이렇게 추출한 독립 요인들의 상관계수를 별도로 히트맵으로 그려보면 모든 상관계수가 0에 근접함을 확인할 수 있다.

plt.figure(figsize=(6, 3))
sns.heatmap(df_results_womissing[independent_multiples].corr(), 
            annot=True, 
            cmap='coolwarm',
            center=0,
            fmt='.3f',
            annot_kws={'size': 6})
plt.title('Correlation Heatmap of Independent Multiples', size='small')
plt.xticks(size='small')
plt.yticks(size='small')
plt.tight_layout()
plt.show()

3. 타깃 멀티플 기준 최상위 기업 선별

앞서 기업 선별에 활용할 멀티플을 PER, PBR, PEG, Cash/Revenue로 타겟팅했다. Cash/Revenue는 높을수록 좋고, 그 외는 분자가 가격이므로 낮을수록 좋다. 이 기준으로 각 기업들을 정렬해 보자.

# Create 2x2 subplots
n_metrics = len(independent_multiples)
fig, axes = plt.subplots(2, 2, figsize=(12, 6))
axes = axes.flatten()

# Plot bar chart for each metric
for i, metric in enumerate(independent_multiples):
    if i >= 4:  # Only show first 4 metrics
        break
        
    # Sort data by metric and get top 20 companies
    # Sort ascending for all metrics except Cash/Revenue
    ascending = True if metric != 'Cash/Revenue' else False
    data = df_results_womissing.sort_values(by=metric, ascending=ascending).head(20)
    
    # Create bar plot
    sns.barplot(data=data, x='symbol', y=metric, ax=axes[i])
    
    # Customize plot
    sort_direction = "Lowest" if ascending else "Highest"
    axes[i].set_title(f'{sort_direction} 20 Companies by {metric}', fontsize=10)
    axes[i].tick_params(axis='x', rotation=45, labelsize=8)
    axes[i].tick_params(axis='y', labelsize=8)
    axes[i].set_xlabel('Company Symbol', fontsize=8)
    axes[i].set_ylabel(metric, fontsize=8)

plt.tight_layout()
plt.show()

PBR의 경우 지표가 0보다 낮으면 자본잠식 상태임을 고려하고, 나머지 정렬 상태를 확인한다. 종합 순위를 매기기 위해 각 지표별 순위를 매기고 4개 지표의 평균 순위로 후보군 Top 10을 선정한다.

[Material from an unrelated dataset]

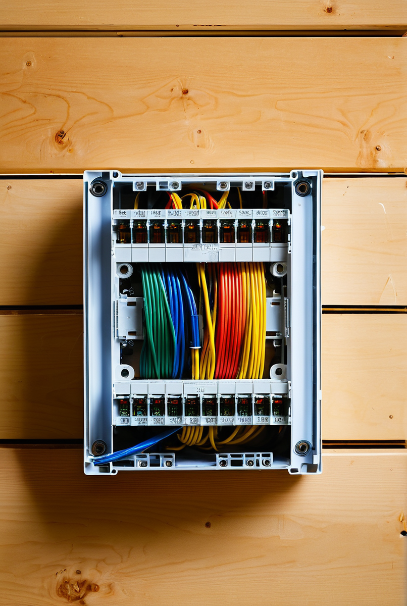 При установке в деревянном доме главное — огнестойкость. Рекомендуется пластиковая коробка из самозатухающего ПВХ или поликарбоната. Надежнее — металлическая коммутационная коробка, но ПУЭ требует для нее заземление корпуса. Правила монтажа также требуют монтировать ее на негорючее основание.

# Create a scoring system based on multiple rankings
# For each multiple, rank companies from 1-n (n being total companies)
# Lower values are better for all metrics EXCEPT Cash/Revenue where higher is better

scoring_metrics = independent_multiples.copy()
df_scores = df_results_womissing.copy()

for metric in scoring_metrics:
    # For all metrics except Cash/Revenue, lower is better so ascending=True
    # For Cash/Revenue, higher is better so ascending=False
    ascending = False if metric == 'Cash/Revenue' else True
    
    # Rank companies for this metric (1 is best)
    df_scores[f'{metric}_rank'] = df_scores[metric].rank(ascending=ascending)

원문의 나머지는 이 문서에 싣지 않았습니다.